(Dataset items)
┄┄┄┄┄┄┄┄┄┄
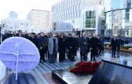 Abidənin önünə əklil və gül dəstələri qoyulub, bəşəriyyətə qarşı dəhşətli cinayət olan soyqırımı qurbanlarının əziz xatirəsi ehtiramla yad olunub.
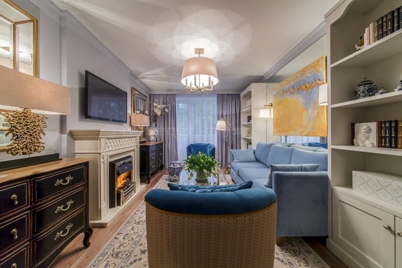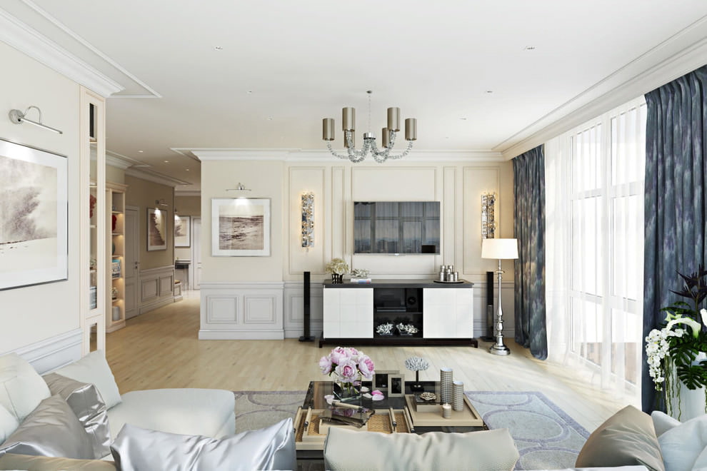 De beaux meubles rembourrés à l'intérieur de la salle sur la plupart des photos ont l'air luxueux, festif, cher. L'un des murs, traditionnellement, est décoré d'un immense écran de télévision avec plusieurs étagères étroites, un portail de cheminée en dessous. En face du téléviseur se trouve un canapé en forme de C, qui peut facilement accueillir toute la famille et plusieurs invités en même temps.
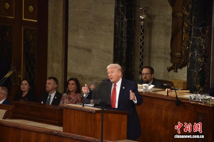当地时间2月24日晚,美国总统特朗普在国会参众两院联席会议上发表国情咨文讲话,聚焦经济、移民等议题。这是特朗普在本总统任期内首次发表国情咨文。 记者 沙晗汀 摄
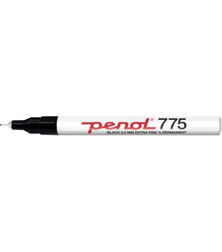 Penol 775 spritmarker - Extra fine line Penol 775 er udstyret med en solid akrylspids, så du får en stærk og robust marker. Den kan tegne på nærmest alle overflader f.eks. papir, karton, træ osv. Det smarte er, at den kan bruges på meget glatte overflader som glas, metal og ikke mindst plastik helt uden at blækken præller af, når du bruger den. Det blæk, som er i Penol 775, er permanent blæk, der er indeholder hydrocarbon. Det gør ligeledes, at blækket er vandfast, når det først er tørt. Derfor kan Penol 775 bruges udendørs uden fare for, at din tekst eller tegning forsvinder. Blækket tørrer ligeledes rigtig hurtigt. Farve: Sort Fås også i blå, grøn og rød Skriftfarve: SortHurtigtørrende permanentblæk Stregbredde 0,5 mm20 stk. pr. æske ...
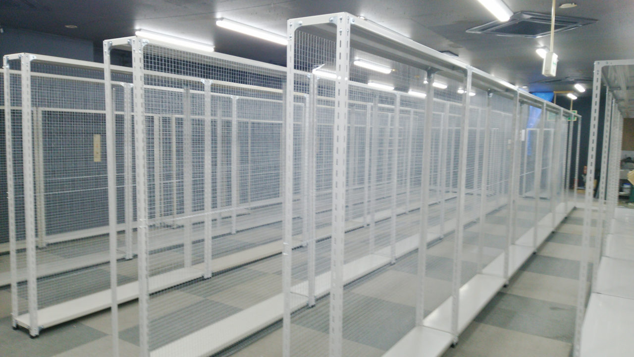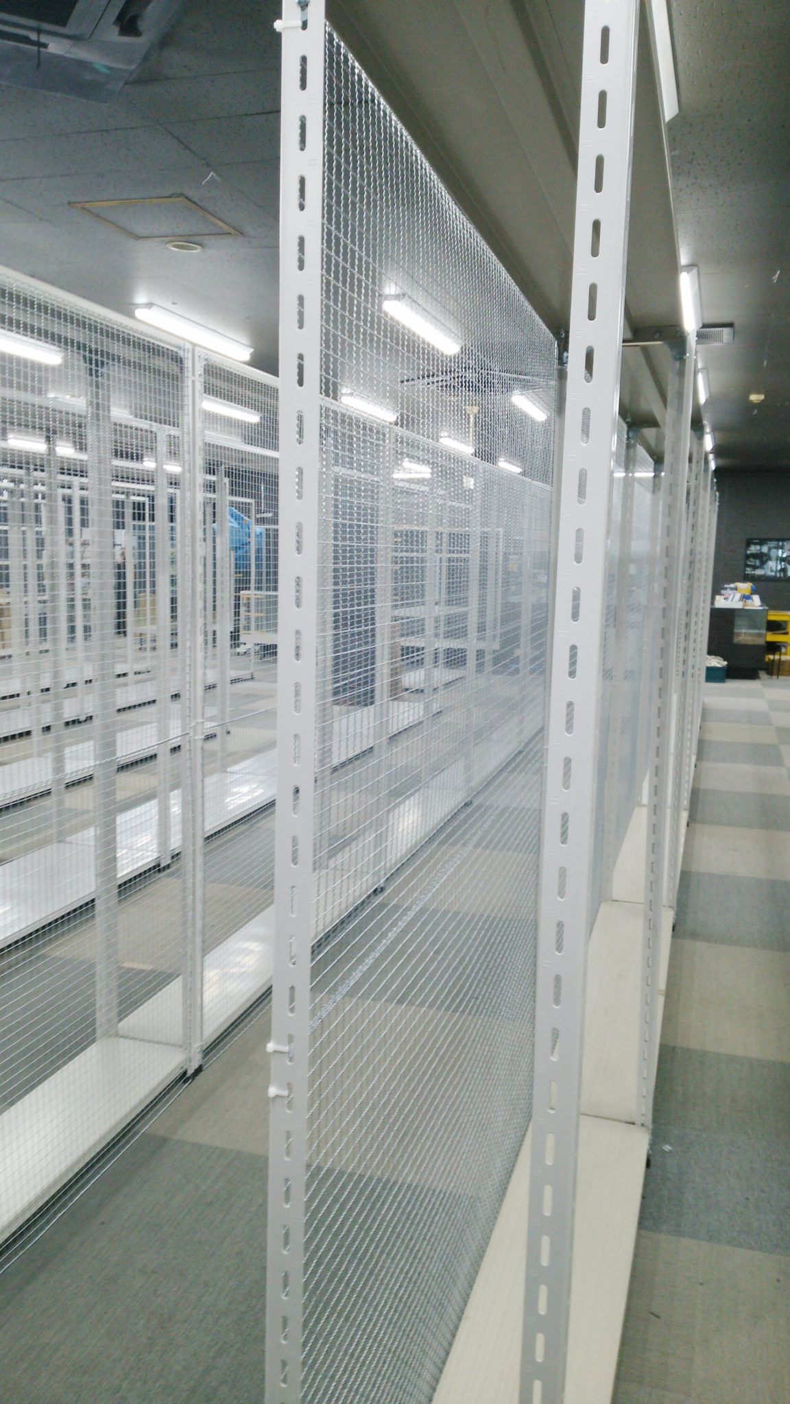 ラックの片面には、落下防止の為の金網を取付けており、中段はフック固定を検討されております。
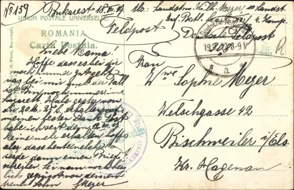 Zustand, siehe Scan, gelaufen, 1917 - ca 14 cm X 9 cm
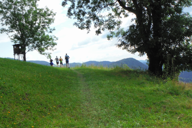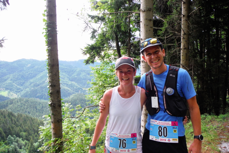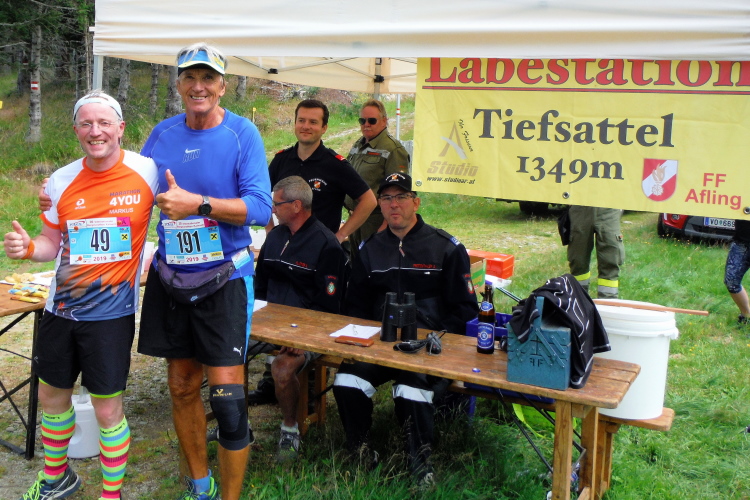 Nach der Labe bei KM 19 geht es über eine Wiese in das nächste Waldstück. Nicht steil, dafür aber derart steinig, dass selbst der Mountainbiker absteigt. Konzentration ist gefragt, aber bereits einen Kilometer weiter darf ich wieder einen gut zu belaufende Feldweg genießen. Auf dem Weg hinab zum Tiefsattel schaffe ich es tatsächlich, auf den Läufer vor mir aufzuschließen. Er kommt mir irgendwie bekannt vor. Und tatsächlich, ist es Kollege Anton Reiter, an sich der angestammte Reporter bei diesem Lauf. Knieprobleme haben ihn zuletzt außer Gefecht gesetzt, aber einen seiner Lieblingsmarathons wollte er nicht versäumen. Wir unterhalten uns und nehmen die nächsten Steigung gemeinsam, ehe ich mich nach vorne schicken lasse.
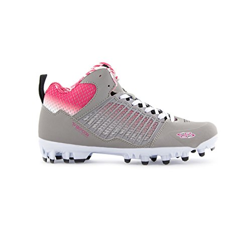 Studio : Boombah Publisher : Boombah Binding : Misc. Product Description Boombah Women's Ikhana Molded Mid Lacrosse Cleats - Multiple Color Options - Multiple Sizes Our Ikhana Molded Mid Lacrosse Cleats feature a KPU molded quarter mesh construction keeps the foot snug to the outsole for secure high torsion maneuvering. This mesh also provides a protective membrane to keep the foot secure from injury. Key features include: - Mid collar construction utilizing cushioned channels for ankle support and impact protection. Perforated for moisture and heat release - High density TPU chassis construction in conjunction with the pivot ring cleat configuration provides explosive angular motion in any direction - Pebax shank ridges are co-molded through the heel and shank to provide chassis stability and motion control - The dye sublimated graphic on the inside collar of the Ikhana adds an extra element of design - Fits true to size. 7.5 oz. Mid cut
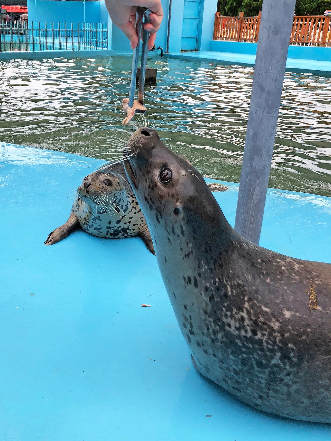 今天能見度不好,人也多,在海邊呆了會就來看海豹了~肥肥的好可愛!還特別會擺POSE~
┄┄┄┄┄┄┄┄┄┄
EXERCISE BRIEF
Your copy should hold the lines from the one with "De beaux meubles" up to and including the one with "Zustand, siehe Scan, gelaufen, 1917", exactly as in the data above, and no pictures.

EXERCISE RESULT
 De beaux meubles rembourrés à l'intérieur de la salle sur la plupart des photos ont l'air luxueux, festif, cher. L'un des murs, traditionnellement, est décoré d'un immense écran de télévision avec plusieurs étagères étroites, un portail de cheminée en dessous. En face du téléviseur se trouve un canapé en forme de C, qui peut facilement accueillir toute la famille et plusieurs invités en même temps.
当地时间2月24日晚,美国总统特朗普在国会参众两院联席会议上发表国情咨文讲话,聚焦经济、移民等议题。这是特朗普在本总统任期内首次发表国情咨文。 记者 沙晗汀 摄
 Penol 775 spritmarker - Extra fine line Penol 775 er udstyret med en solid akrylspids, så du får en stærk og robust marker. Den kan tegne på nærmest alle overflader f.eks. papir, karton, træ osv. Det smarte er, at den kan bruges på meget glatte overflader som glas, metal og ikke mindst plastik helt uden at blækken præller af, når du bruger den. Det blæk, som er i Penol 775, er permanent blæk, der er indeholder hydrocarbon. Det gør ligeledes, at blækket er vandfast, når det først er tørt. Derfor kan Penol 775 bruges udendørs uden fare for, at din tekst eller tegning forsvinder. Blækket tørrer ligeledes rigtig hurtigt. Farve: Sort Fås også i blå, grøn og rød Skriftfarve: SortHurtigtørrende permanentblæk Stregbredde 0,5 mm20 stk. pr. æske ...
 ラックの片面には、落下防止の為の金網を取付けており、中段はフック固定を検討されております。
 Zustand, siehe Scan, gelaufen, 1917 - ca 14 cm X 9 cm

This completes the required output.